=== Begin Enclosure ===

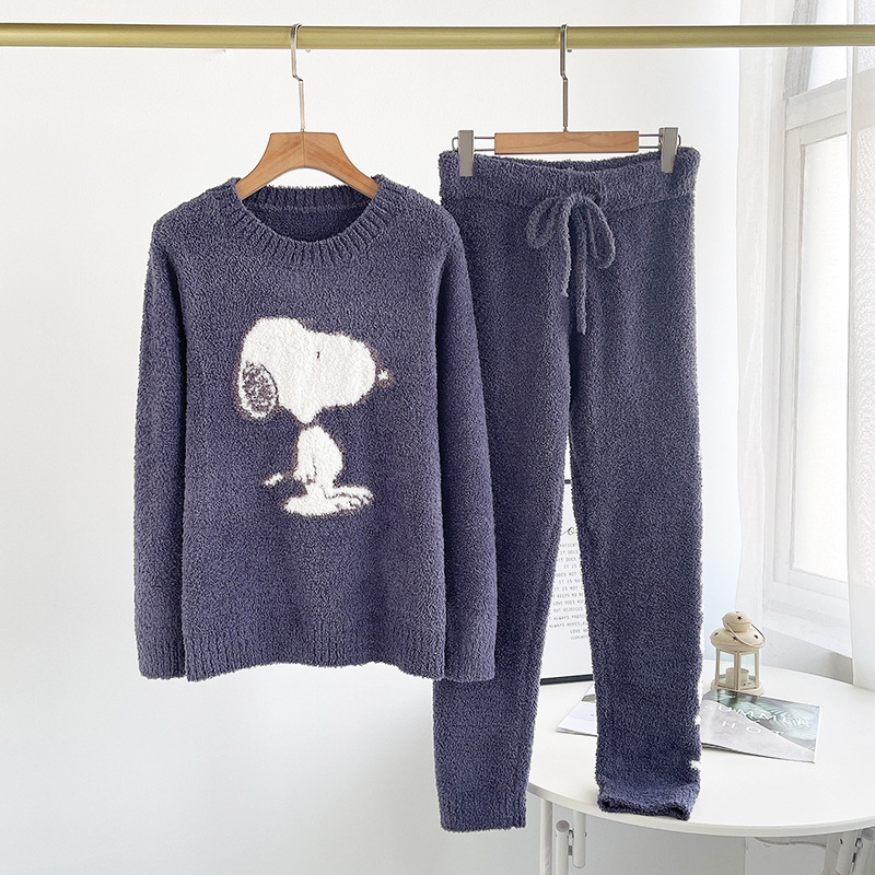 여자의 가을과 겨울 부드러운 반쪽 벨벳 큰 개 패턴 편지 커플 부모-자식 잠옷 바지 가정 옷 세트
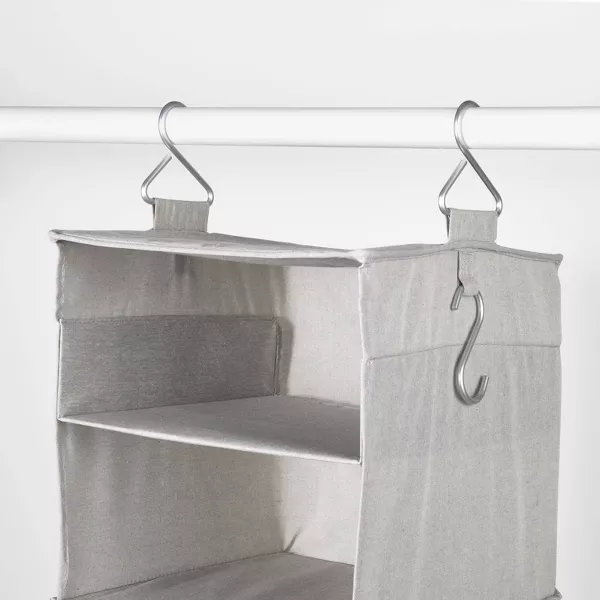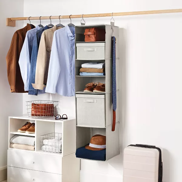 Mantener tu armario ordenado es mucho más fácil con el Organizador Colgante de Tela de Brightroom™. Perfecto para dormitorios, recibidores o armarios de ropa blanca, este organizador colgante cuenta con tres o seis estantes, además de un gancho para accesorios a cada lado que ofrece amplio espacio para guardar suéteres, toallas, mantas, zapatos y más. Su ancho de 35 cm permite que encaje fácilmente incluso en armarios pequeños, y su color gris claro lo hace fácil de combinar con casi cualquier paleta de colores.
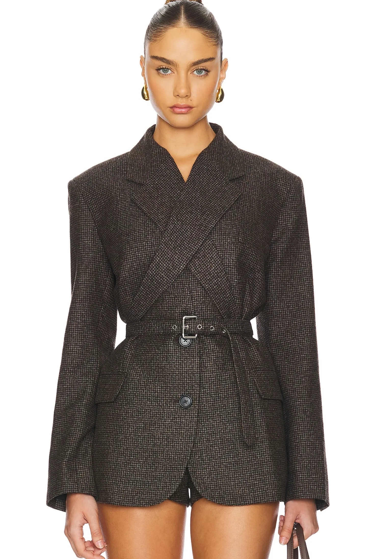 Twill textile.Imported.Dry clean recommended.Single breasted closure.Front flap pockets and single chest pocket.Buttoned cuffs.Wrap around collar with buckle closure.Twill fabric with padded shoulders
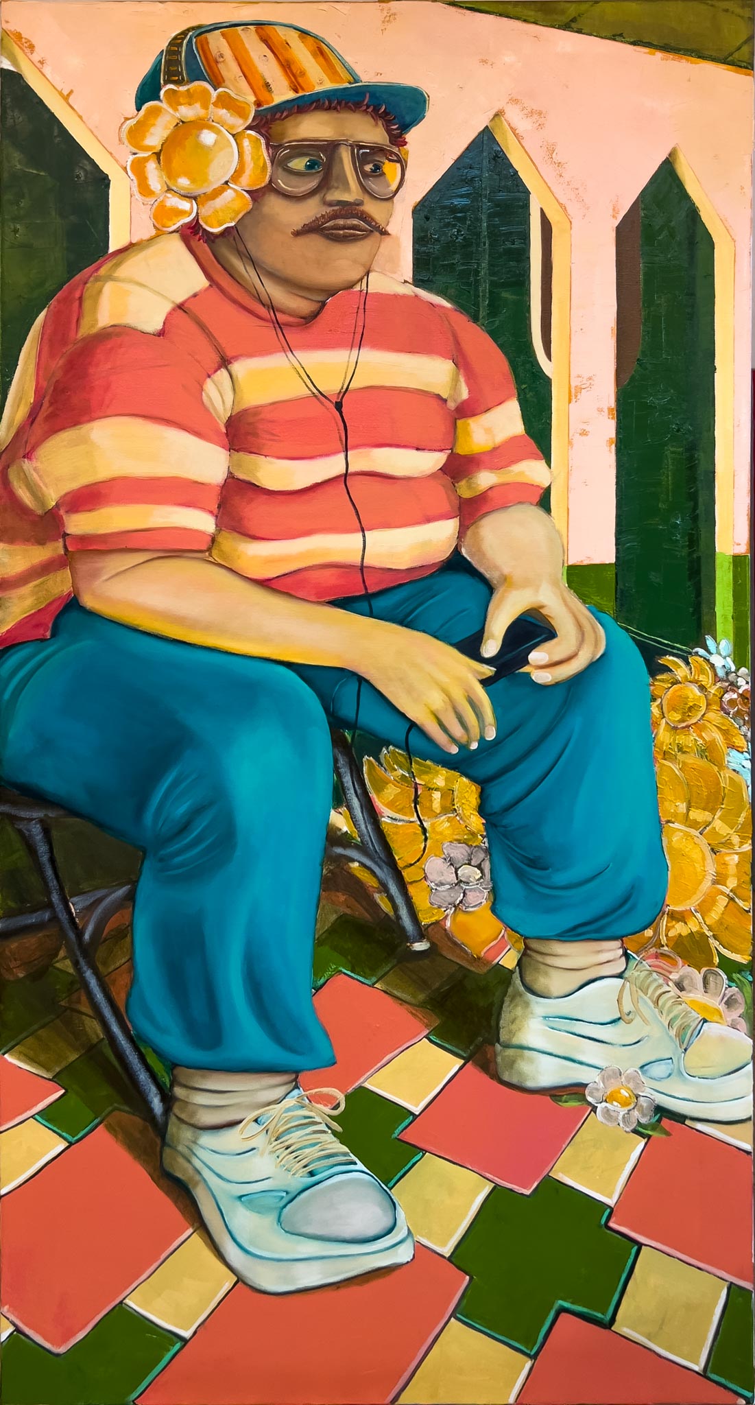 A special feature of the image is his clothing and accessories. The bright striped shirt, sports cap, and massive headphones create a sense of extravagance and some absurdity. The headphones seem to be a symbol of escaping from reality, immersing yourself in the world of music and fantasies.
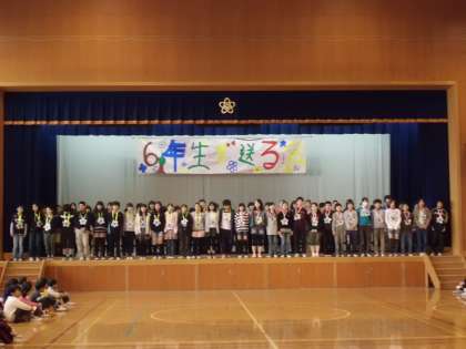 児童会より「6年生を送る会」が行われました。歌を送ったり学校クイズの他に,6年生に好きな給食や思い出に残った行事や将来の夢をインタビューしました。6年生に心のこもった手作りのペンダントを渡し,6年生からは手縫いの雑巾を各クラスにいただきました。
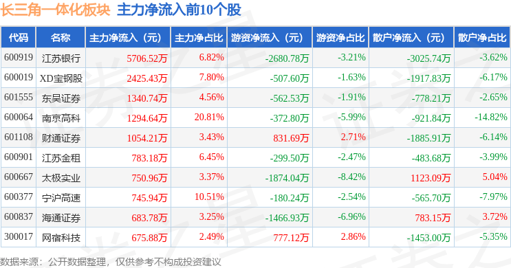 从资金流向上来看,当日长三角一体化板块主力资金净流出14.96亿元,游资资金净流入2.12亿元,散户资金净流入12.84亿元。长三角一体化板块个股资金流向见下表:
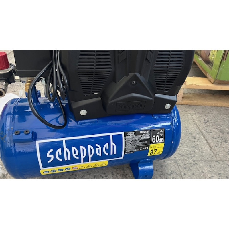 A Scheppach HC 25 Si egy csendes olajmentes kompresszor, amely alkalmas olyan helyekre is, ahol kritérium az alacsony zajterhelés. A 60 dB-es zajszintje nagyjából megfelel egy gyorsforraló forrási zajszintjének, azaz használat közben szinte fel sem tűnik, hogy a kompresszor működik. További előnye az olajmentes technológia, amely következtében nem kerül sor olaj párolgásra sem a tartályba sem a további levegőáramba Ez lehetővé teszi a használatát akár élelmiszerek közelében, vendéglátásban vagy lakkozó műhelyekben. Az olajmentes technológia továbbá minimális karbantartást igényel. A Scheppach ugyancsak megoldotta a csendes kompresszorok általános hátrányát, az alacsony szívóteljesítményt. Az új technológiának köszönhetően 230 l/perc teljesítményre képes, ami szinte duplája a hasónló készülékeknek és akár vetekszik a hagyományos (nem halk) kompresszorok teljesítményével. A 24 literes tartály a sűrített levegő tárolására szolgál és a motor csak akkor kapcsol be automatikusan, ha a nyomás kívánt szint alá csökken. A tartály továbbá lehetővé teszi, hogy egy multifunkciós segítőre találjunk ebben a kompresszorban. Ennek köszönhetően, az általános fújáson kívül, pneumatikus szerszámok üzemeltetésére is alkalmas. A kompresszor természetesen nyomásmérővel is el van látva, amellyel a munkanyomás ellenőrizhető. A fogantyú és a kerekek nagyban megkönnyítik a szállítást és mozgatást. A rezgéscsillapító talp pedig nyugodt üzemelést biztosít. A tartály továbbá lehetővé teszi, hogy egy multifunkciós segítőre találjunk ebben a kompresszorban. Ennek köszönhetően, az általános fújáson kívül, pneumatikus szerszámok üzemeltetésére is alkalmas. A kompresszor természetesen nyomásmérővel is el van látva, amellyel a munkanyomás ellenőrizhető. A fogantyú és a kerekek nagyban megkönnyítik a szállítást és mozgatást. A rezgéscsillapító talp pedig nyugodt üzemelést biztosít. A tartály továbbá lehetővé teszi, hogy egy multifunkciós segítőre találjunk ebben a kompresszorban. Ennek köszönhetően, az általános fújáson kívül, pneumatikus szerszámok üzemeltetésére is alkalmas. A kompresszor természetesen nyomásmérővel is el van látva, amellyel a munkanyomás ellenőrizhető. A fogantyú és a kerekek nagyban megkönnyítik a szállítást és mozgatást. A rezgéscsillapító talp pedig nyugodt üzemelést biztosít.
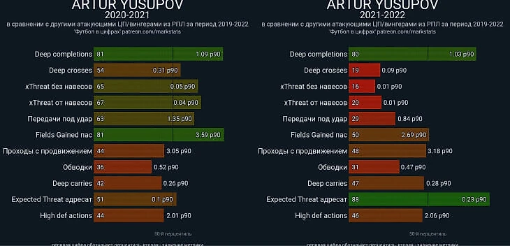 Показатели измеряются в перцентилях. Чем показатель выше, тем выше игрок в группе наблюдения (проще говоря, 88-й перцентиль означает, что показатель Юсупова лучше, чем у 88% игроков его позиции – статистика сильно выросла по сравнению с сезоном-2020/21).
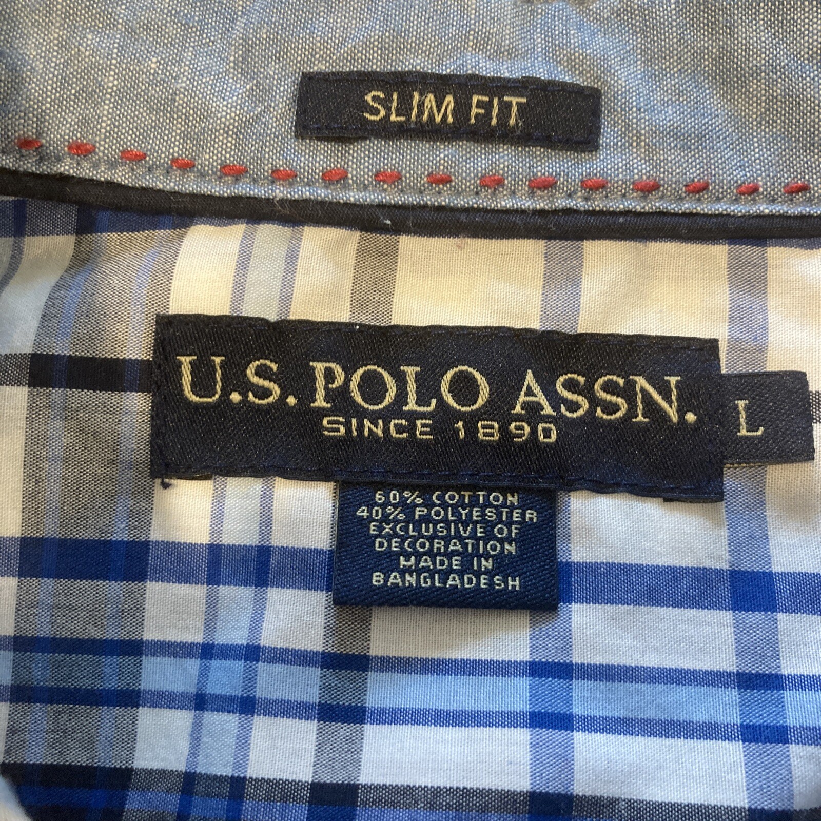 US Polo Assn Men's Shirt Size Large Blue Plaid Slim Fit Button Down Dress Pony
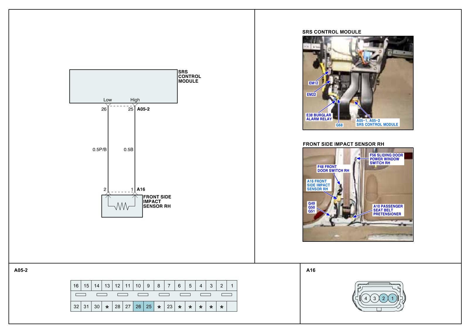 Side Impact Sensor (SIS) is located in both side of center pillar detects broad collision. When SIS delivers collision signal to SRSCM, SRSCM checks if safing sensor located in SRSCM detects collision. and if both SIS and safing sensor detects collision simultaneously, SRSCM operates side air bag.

=== End Enclosure ===

*What is required*
Print exactly the lines above that run from the one with "A special feature" down to the one with "从资金流向上来看,当日长三角", and omit the pictures.

*Output of the task*
 A special feature of the image is his clothing and accessories. The bright striped shirt, sports cap, and massive headphones create a sense of extravagance and some absurdity. The headphones seem to be a symbol of escaping from reality, immersing yourself in the world of music and fantasies.
 児童会より「6年生を送る会」が行われました。歌を送ったり学校クイズの他に,6年生に好きな給食や思い出に残った行事や将来の夢をインタビューしました。6年生に心のこもった手作りのペンダントを渡し,6年生からは手縫いの雑巾を各クラスにいただきました。
 从资金流向上来看,当日长三角一体化板块主力资金净流出14.96亿元,游资资金净流入2.12亿元,散户资金净流入12.84亿元。长三角一体化板块个股资金流向见下表:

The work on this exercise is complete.